On June 2, 1980, while visiting his grandparents’ apartment, three-year-old Elijah Costanzo fell out of their eighth-floor window to his death.
The infant’s mother commenced this action against the New York City Housing Authority alleging negligence in the control and maintenance of the premises. The bill of particulars specified that the defendant breached its statutory duty to provide and install window guards (see, New York City Health Code § 131.15 [a]; Administrative Code of City of New York § 17-123) and its common-law duty of reasonable care.

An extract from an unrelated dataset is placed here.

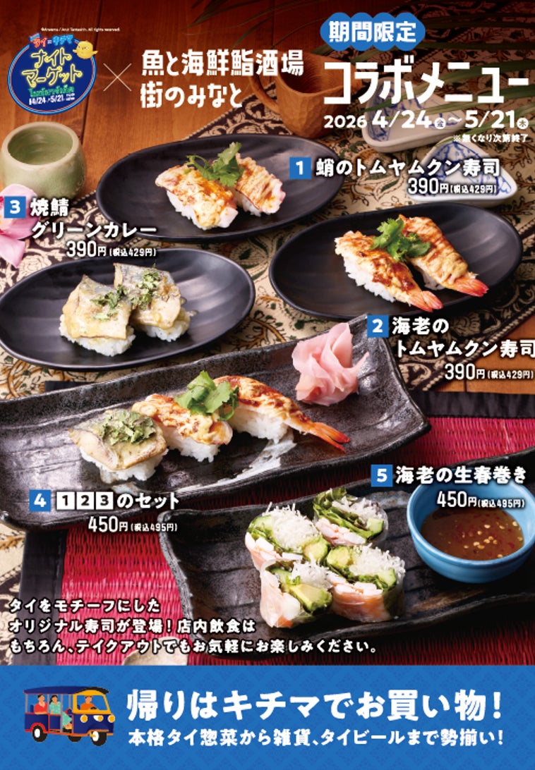 タイをモチーフにした オリジナル寿司が登場! 店内飲食は もちろん、テイクアウトでもお気軽にお楽しみください。
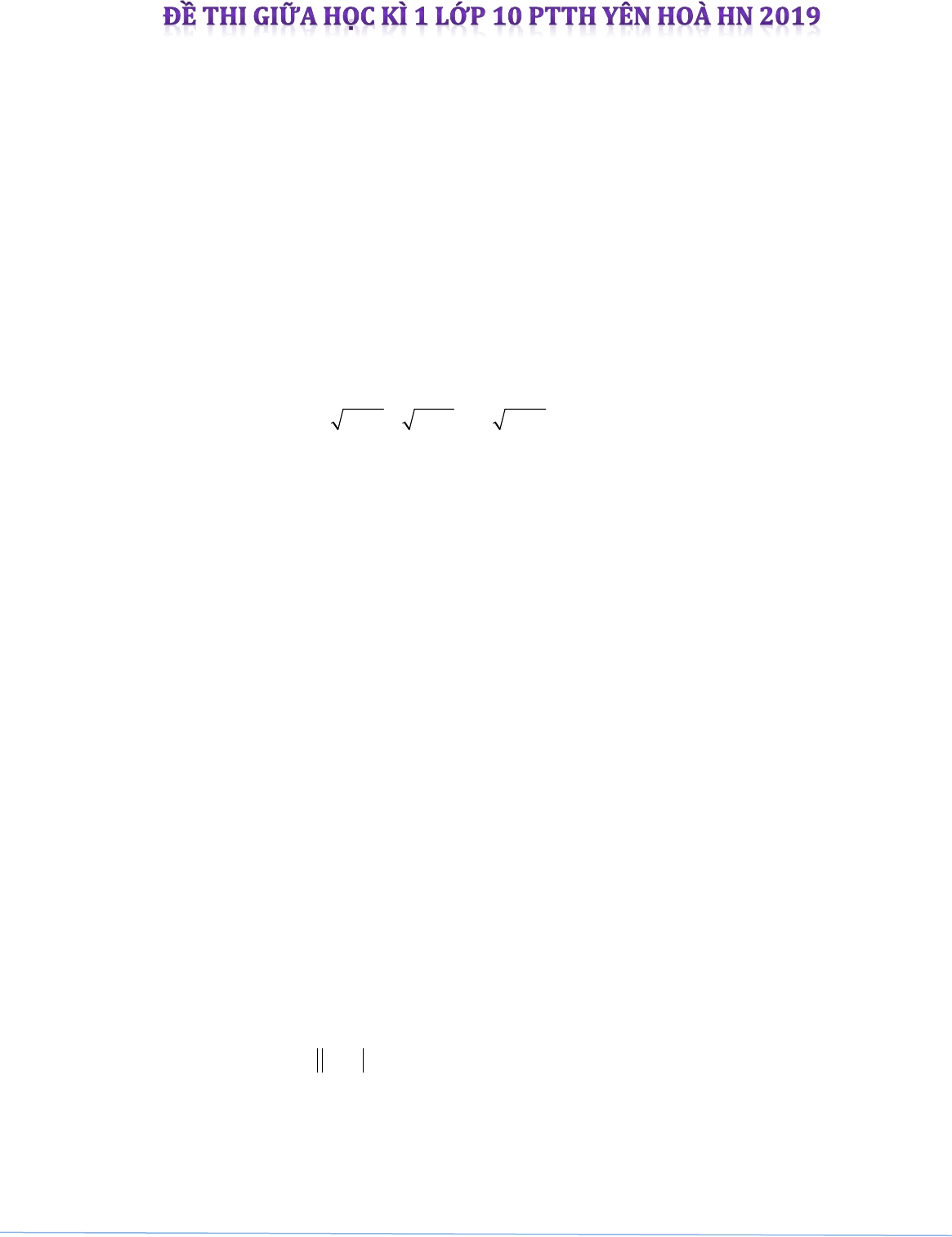 Đề thi giữa học kì 1 Toán 10 năm 2018 - 2019 trường THPT Yên Hòa - Hà Nội

The defendant moved for summary judgment dismissing the complaint on the grounds that it had neither a statutory nor a common-law duty to provide guards on the windows of the apartment in question. In opposition, the plaintiff submitted, inter alia, an engineer’s affidavit stating that the failure to provide the window guards was a departure from the standards and practices in the building maintenance industry in New York City and a breach of New York City Health Code § 131.15, as amended in 1986.
We find that the court properly granted the defendant’s motion for summary judgment dismissing the complaint.
We note that at the time of the accident in June 1980 New York City Health Code § 131.15 imposed a duty upon a landlord to install window guards only in apartments where an infant under 10 years of age resided and a previous request for installation had been made by a tenant. Since it does not appear that either the deceased infant, nor any other infant under 10 years of age, resided in the subject apartment at the time of the accident, the relevant statutory provision was not applicable.
The plaintiff’s assertion of a breach of a common-law duty of *577care is similarly without merit. The plaintiffs expert’s opinion was predicated upon an alleged departure from the standards and practices under New York City Health Code § 131.15 as amended in 1986. Such amended ordinance requires a landlord to forward notices to tenants regarding the availability of window guards. It also imposes an affirmative duty upon the landlord to ascertain in which apartments children reside.
However, the ordinance in effect at the time of the accident merely required the landlord to send the notices and imposed no affirmative duty to make further inquiry if a tenant did not respond. There was no requirement that the landlord ascertain whether there were children residing in the premises. Since the plaintiffs expert relied on the 1986 regulations, his opinion was based upon standards and practices which were adopted subsequent to the time of the accident. Under the circumstances, summary judgment dismissing the complaint was properly awarded to the defendant. Mangano, J. P., Kunzeman, Eiber and Kooper, JJ., concur.